Most analytical data science can be divided into three tasks; description, prediction, and causal inference. Description focuses on describing patterns and trends, often visually, in order to generally understand the occurrence of a concept of interest, e.g. how many people have diabetes; or how the risk of violent crime varies between areas. Prediction focuses on identifying patterns and forecasting possibilities, e.g. whether someone might develop a disease, or what the UK temperature might be in 2050. Causal inference focuses on determining how one thing influences another, and specifically focuses on estimating how changing one thing might change another, e.g. how does weight management affect the future risk of diabetes; how would the risk of violent crime change if a minimum unit price of alcohol was introduced?

Organisers of the Causal Inference Interest Group include Turing Fellow and University Academic Fellow in Health Data Science, Peter Tennant; Turing Fellow and Professor of Statistical Epidemiology, Mark Gilthorpe; and Turing Postgraduate Researcher, Georgia Tomova.


Best Practice for Collecting Cybersecurity Data Interest Group

This Interest Group was established by Turing Fellow and Professor of Criminology in the School of Law, David Wall, in collaboration with colleagues from Newcastle University. The group will bring key data stakeholders together with Data Scientists and AI experts in order to organise and develop best practices around collecting cybersecurity data. It will seek to develop standards for collecting, and for analysing and using the data in ways that are both ethically safe, minimal in bias, and also useful for building insights into how all organisations (public, private and third sector) can be made more cybersecure in the future.
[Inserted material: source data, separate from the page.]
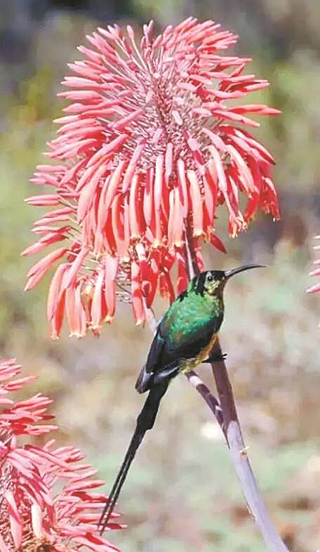 为康氏芦荟授粉的太阳鸟(南非)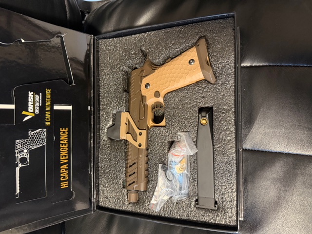 Airsoft: Vorsk Airsoft Hi-Capa 5.1 Vengeance mit HD5141 LPZ Vollmetall GBB 6mm BB Tan / Bronze System: GBB Magazin: Metall-Magazin 23 Schuss Zubehör: Red-Dot Visier, Dichtungs-Satz mit Gas- und CO2-Ersatznozzle, Vorsk Airsoft Patch Leistung: 1 Joule Hersteller: Vorsk Airsoft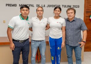 TULUM, 30 de agosto.- El Presidente Municipal de Tulum, Diego Castañón Trejo, encabezó la entrega de premios a los cuatro primeros lugares del Premio Municipal de la Juventud Tulum 2023. Además anunció la apertura de 25 becas a la juventud tulumnense.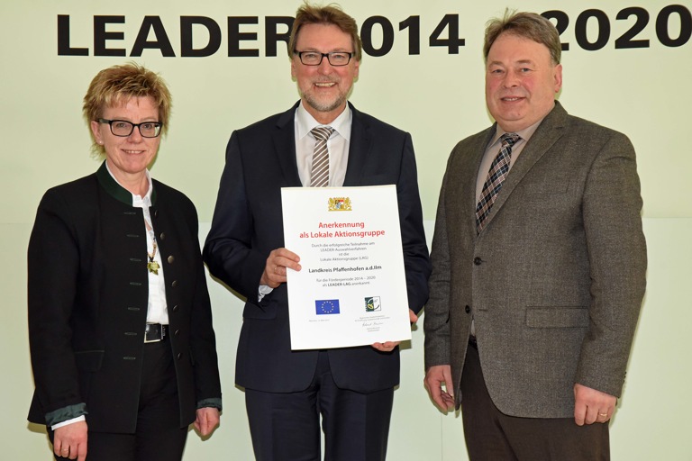 (ty) Jetzt ist es amtlich: Norbert Brunner (CSU), der bayerische Staatsminister für Ernährung, Landwirtschaft und Forsten, hat gestern in München die offiziellen Anerkennungsurkunden an die Vertreter der 61 Regionen übergeben, die in der ersten Auswahlrunde zur Aufnahme in das EU-Förderprogramm „Leader“ erfolgreich zum Zuge gekommen sind. Der Pfaffenhofener Landrat Martin Wolf (CSU) und die hiesige Leader-Koordinatorin Alice Köstler-Hösl nahmen das Dokument stellvertretend für die „Lokale Aktionsgruppe Landkreis Pfaffenhofen“ (LAG) in Empfang.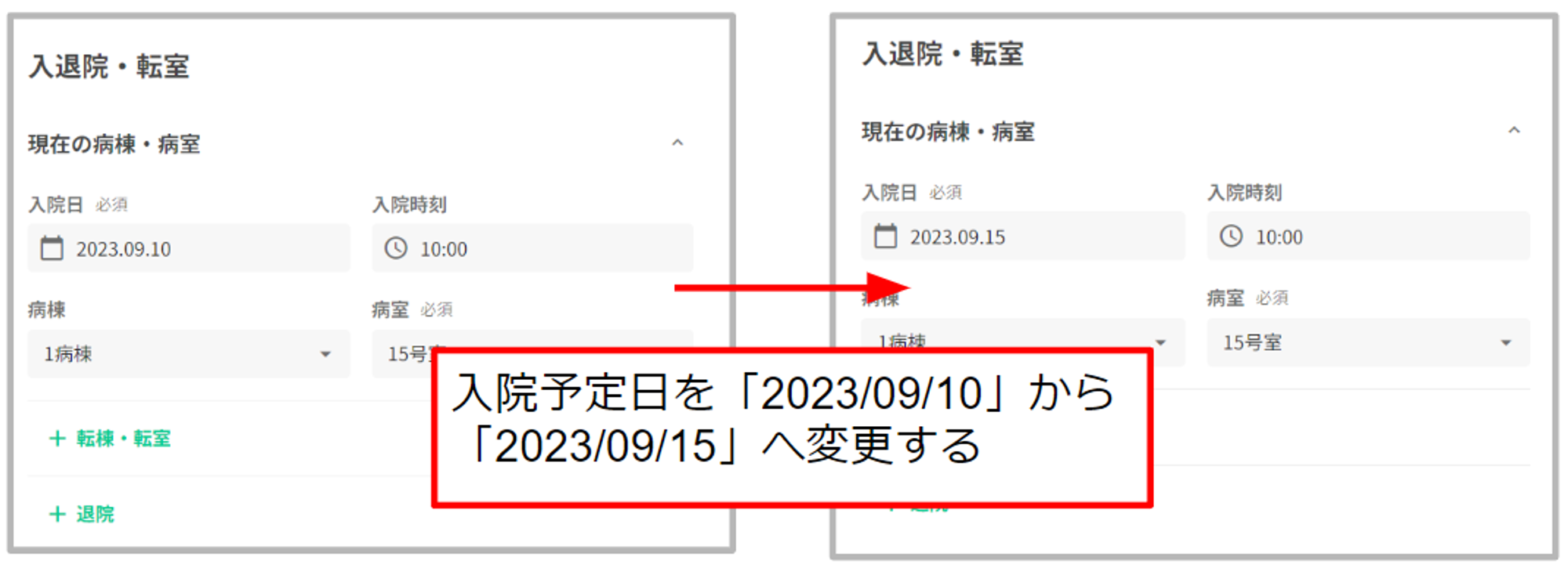 「入院起算日=当該入院日」と設定されている場合、入院日を変更すると入院起算日も変更した入院日と同日へ変更します。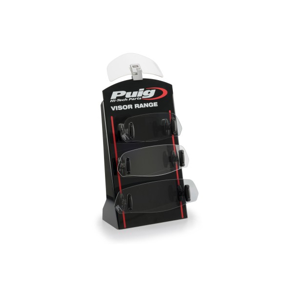 Si quieres mostrarlas de manera elegante e intuitiva, puedes hacerlo mediante el soporte Puig para viseras y deflectores de cúpulas. Muestra los diferentes tipos de visera Puig Hi-Tech Parts disponibles en el catálogo con tan solo un expositor, no necesitarás nada más.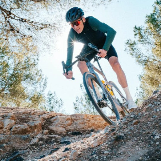 Når Áspero-5 er monteret med lige store dæk (f.eks. 42 mm for og bag), er håndteringen stabil, tillidsvækkende og klar til de mest barske ruter. For at forbedre aerodynamikken yderligere og skærpe håndteringen på mindre tekniske ruter har vi optimeret geo-differentialet til en 4 mm dækbreddedifferentiale (f.eks. 40 mm for, 44 mm bag).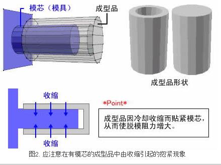 3、在成型條件上,模具溫度偏低且保壓偏大時容易引起脫模不良。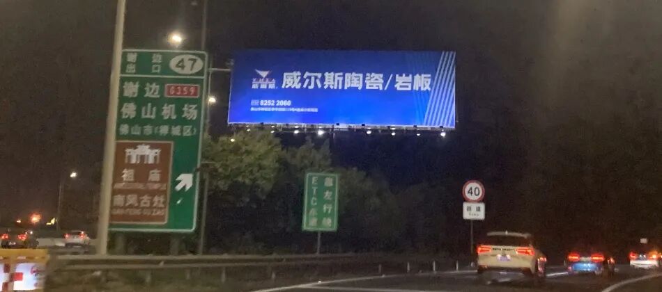10月,全新威尔斯高速公路高炮广告上线,以覆盖大湾区高速枢纽核心的路段为主,紧握广佛黄金出入口要点,持续提升品牌曝光率。

Turing collaborative events 2019-2020

Delivering Societal Impact through place-based urban analytics

In January, 120 data scientists, policy makers, service providers and community activists met at the Wolfson Centre for Applied Research in Bradford at a special workshop funded by the Alan Turing Institute.  Their purpose was to begin the conversation on how cutting-edge data science could be used to improve our understanding of sub-city level inequalities, to better inform the development of policy within and across sectors including education, health, social care and transport, and so have a real impact on the quality of people’s lives. Led by Turing Fellows, Mark Mon–Williams and Faisal Mushtaq, the workshop centred around the post-war Holme Wood estate located to the south of Bradford City centre. The discussions identified several priority issues for Holme Wood that are now being studied using urban analytics (see ‘New Research’ above). Following the workshop a series of reports have been written and it is anticipated that the work will inform a wider national debate about the use of data in policy-making within Local and Central Government.

Jon Rowe visit to LIDA

Turing Programme Director, Data Science for ScienceProfessor Jon Rowe from the University of Birmingham visited LIDA in March 2020. He discussed potential collaborations with researchers from the Faculty of Environment interested in research areas such as AI methods to project future ice sheet instabilities. His presentation “The data science revolution in scientific research” was given as part of the LIDA seminar series.